The required disclosures, delivered at the point where the testimonial appears:

  • Whether the person is a client or investor.
  • Whether they were compensated.
  • Any material conflicts of interest.
  • A written agreement is required once compensation exceeds $1,000 over 12 months, cash or non-cash.

This is the sharpest edge available to advisors right now, because most competitors still believe reviews are forbidden and leave that credibility on the table. Two guardrails: the December 16, 2025 SEC risk alert named missing or inadequate disclosure at the point of dissemination as the single most common Marketing Rule deficiency, so the disclosures are not optional. And you can never show gross performance without net at equal prominence, nor guarantee returns. Note the distinction by registration: SEC-registered RIAs follow the Marketing Rule, while broker-dealer reps and dual-registrants also answer to FINRA Rule 2210, which still requires principal pre-approval and remains stricter on projections. Know which regime you are in before you publish.

Putting it together: a channel mix that compounds

No single channel wins. The advisors who grow organically run a stack: a systematized referral and COI engine for the highest-quality households, SEO and content as the owned, low-CAC foundation that feeds everything, webinars to convert educated prospects, and paid networks only if the intake math works and the disclosures are airtight. Sequence it so the compounding channels get built first and the rented ones stay optional.

If you would rather not assemble that stack by trial and error, this is exactly the gap a fractional CMO fills, the space between a $500-a-month tool and an $80,000 marketing hire.
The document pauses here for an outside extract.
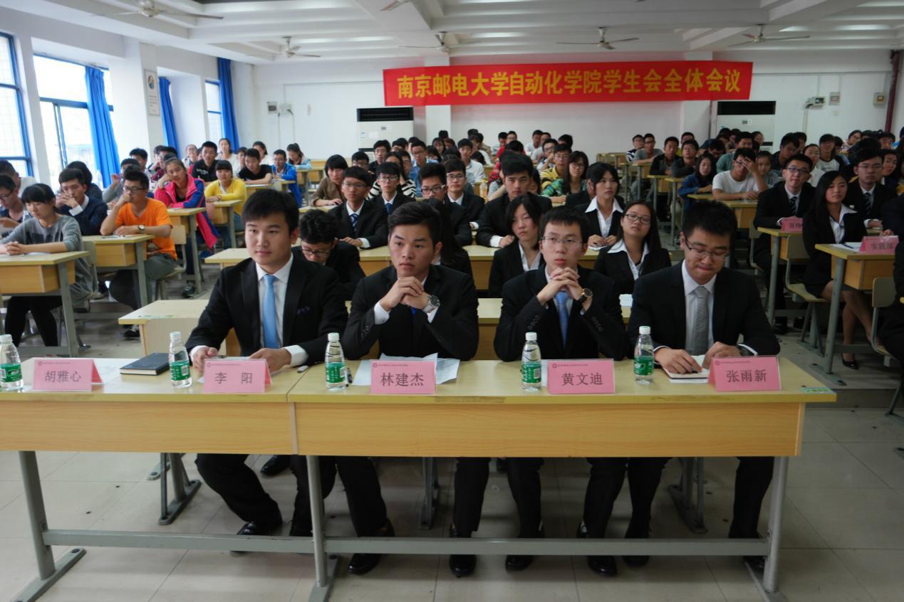 2015年10月17日下午,南京邮电大学自动化学院2015级学生会第一次全体会议在教3-101举行。出席本次大会的有自动化学院学生会主席团、全体中干以及2015级全体新成员。会议由胡雅心主席主持。

See the full marketing for financial advisors playbook for how the channels connect to AUM outcomes, or book a consultation to map your own client-acquisition system.

Frequently asked questions

What is the single best way for a financial advisor to get clients?
Referrals from existing clients. About 9 in 10 advisors use them, they supply roughly two-thirds of all new clients, and they return around $5 of revenue per $1 of cost. They arrive pre-trusted, so they close faster and stay longer. The limit is that referrals are capped by your network and timing, which is why systematizing them beats waiting.
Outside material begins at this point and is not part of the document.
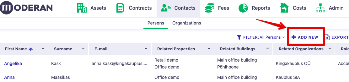 - Go to the Rental Contract card, and scroll down to the Persons block. Click +ADD NEW:

How much does it cost a financial advisor to acquire a client?
The median client acquisition cost reached about $3,800 in 2024, up roughly 75% from 2021. Most of that, near 80%, is the advisor’s time rather than ad spend. Aim for a 3:1 to 4:1 revenue-to-cost ratio. Against 90%-plus retention and 20-to-30-year client tenure, that cost is small relative to lifetime value.

Can financial advisors use client testimonials and reviews now?
Yes. The SEC Marketing Rule, effective November 4, 2022, permits testimonials, endorsements, and third-party ratings for RIAs, provided you include clear and prominent disclosures about client status, compensation, and conflicts. Advice claiming testimonials are banned is outdated. The December 2025 SEC risk alert makes clear the disclosures must appear right where the testimonial does.

Do paid lead-generation services like SmartAsset actually work?
They can produce real net new assets, but conversion is brutal. One RIA won $1B in assets from SmartAsset at only a 3.5% conversion rate after spending about $10M. Networks are now subscription-based, often $25K a year or more, and deliver rented pipeline. They work at scale with a disciplined intake process, not as a shortcut.

How long does SEO take to bring in financial advisor clients?
SEO is a build-now, harvest-later channel, typically several months to gain traction, but it carries the lowest client-acquisition cost of any channel and keeps delivering inbound prospects for years off a one-time investment. It is the only channel you fully own, which is why the fastest-growing firms prioritize it over rented paid channels.

What counts as growth for a financial advisory firm?
Organic growth, meaning net new assets from right-fit households, not raw lead count. It excludes market gains and acquisitions. It is the industry’s number one concern and chronically weak: firms above $250M grew just 5% organically in 2024, while top performers hit 12.5%. Channel discipline, not luck, drives the difference.